Categories: Food & Dining

WaPo’s New Food Critic Sets His Own Rules: A Lunch at the Church Cafeteria

WaPo’s New Food Critic Sets His Own Rules: A Lunch at the Church Cafeteria

Introduction: A Fresh Voice, A Fresh Approach

The Washington Post has welcomed a new food critic who is making headlines not for the dishes alone but for the way he approaches them. Elazar Sontag, the paper’s latest kitchen compass, has already signaled a break with traditional dining rituals. Rather than chasing exclusive reservations or the hottest new spots, he is testing a different path—one that centers accessibility, context, and the everyday experience of a meal. His first lunch with NPR staff offers a revealing glimpse into the rules he intends to set for judging food in a city that loves its food writing as much as its neighborhoods.

Redefining Power Dining: A Humble Setting as Stage

Sontag did not lead NPR to a glamorous table at a high-end restaurant. Instead, he guided the conversation to a place emblematic of democratic dining: a church cafeteria tucked behind a parking lot near Mt. Vernon Square. The choice is symbolic. Cafeterias are places where a broad spectrum of people share the same space, plates arrive from a common kitchen, and the rhythm of service is dictated by pragmatic realities rather than press clout. In this setting, Sontag suggests, the real pulse of food is in the quality of the everyday meal, not the prestige of the venue.

Rules, Not Rascals: How Sontag Frames Evaluation

From NPR’s coverage, it’s clear that Sontag is less interested in chasing “the correct answer” about a dish and more interested in the experience surrounding it. He asks simpler questions that many overlooked in snootier circles: How does the space affect the food? How do the people working behind the scenes contribute to the final plate? What does a meal say about a city’s character? By reframing the inquiry, Sontag’s critics’ notes aim to be more reflective of the city’s demographics, its economic realities, and the social texture that informs every bite.

An Invitation to Accessibility: Food as a Shared Experience

The choice of a church cafeteria is not accidental. It speaks to a broader ambition: to make food criticism less about either exclusivity or spectacle and more about the shared human experience of eating. In practical terms, this means:
– Paying attention to value and portion alignment with price.
– Listening to servers and cooks who usually aren’t the focus of glossy restaurant features.
– Recognizing the role of community spaces in shaping what a city eats, when it eats, and how it talks about food.

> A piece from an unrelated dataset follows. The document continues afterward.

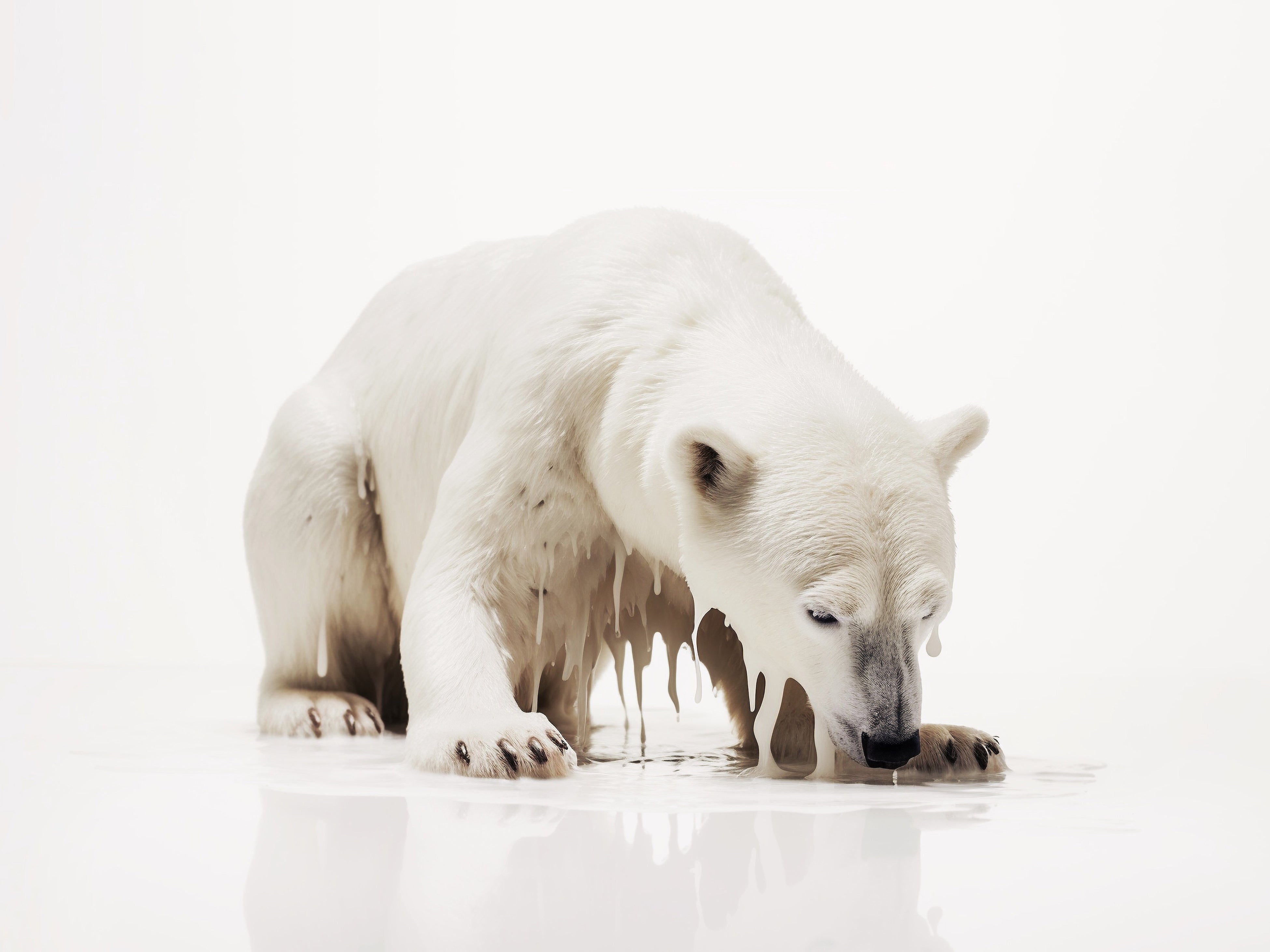 国際連合気候変動政府間パネル(IPCC)によると、世界の平均気温が産業革命以前の水準から2°C上昇すると、深刻な環境への影響が生じる可能性があるとされています。温暖化による2°Cの上昇は、生態系全体に大きな影響を及ぼします。特に北極圏や南極圏では、氷の減少が深刻な問題となり、シロクマやアザラシ、ペンギンなどの生物の生存に影響を及ぼす可能性が高いです。海氷の減少は、これらの生物の生息地や食料源に影響を与え、生存と繁殖を困難にする可能性があります。 本作品は、そのようなあり得るかもしれない未来の状況を想像し制作しました。まずは知ること。リサイクルと廃棄物削減。持続可能な消費行動など。私たちだけのものではないこの美しい自然や生態系が、このイメージのように取り返しのつかないことになってしまう前に。私たちもできることから。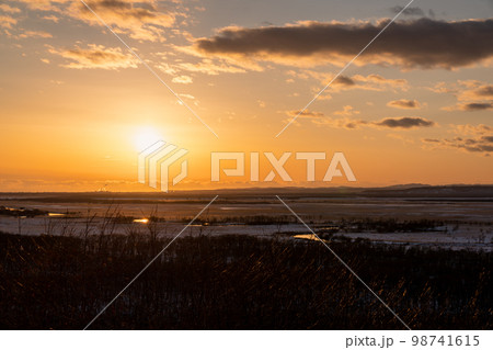 夕暮れ時の凍てつく冬の釧路湿原

How the Lunch Played Out: Conversation, Not Competition

During the NPR encounter, the dynamic was less about a formal review and more about a candid exchange on taste, technique, and the social function of meals. The cafeteria’s plain surfaces and the steady clatter of trays underlined that, for Sontag, the most important meals reveal themselves in real life—not on the page alone. Critics often curate atmosphere around a dish; Sontag appears to curate the dish within its real-world ecology—the kitchen, the queue, the dining hall chatter, and the way a city eats together after a long week.

Implications for Washington’s Food Scene

What does this mean for Washington’s culinary map? If Sontag’s approach catches on, readers can expect: a more nuanced snapshot of neighborhood eateries, a sharper focus on value, and more attention to the labor behind every plate. The Washington Post’s credibility may hinge on whether critics can balance rigorous tasting with reverence for the spaces that feed communities outside the elite dining room. In NPR’s documentation, the early signals are promising: a critic who prioritizes context, conversation, and accessibility without sacrificing discernment.

Conclusion: A New Standard for Food Criticism

Elazar Sontag’s first public foray hints at a broader project: to redefine what it means to judge food in a metropolis that is a mosaic of neighborhoods, incomes, and ambitions. By embracing settings like a church cafeteria near Mt. Vernon Square, he challenges the field to consider who gets to sit at the table and what it takes to earn a fair, informed, and generous critique. If his early work is any guide, Washington’s appetite for thoughtful, citizen-centered criticism stands to grow—and so might the conversations about what a “great meal” really means in a diverse urban landscape.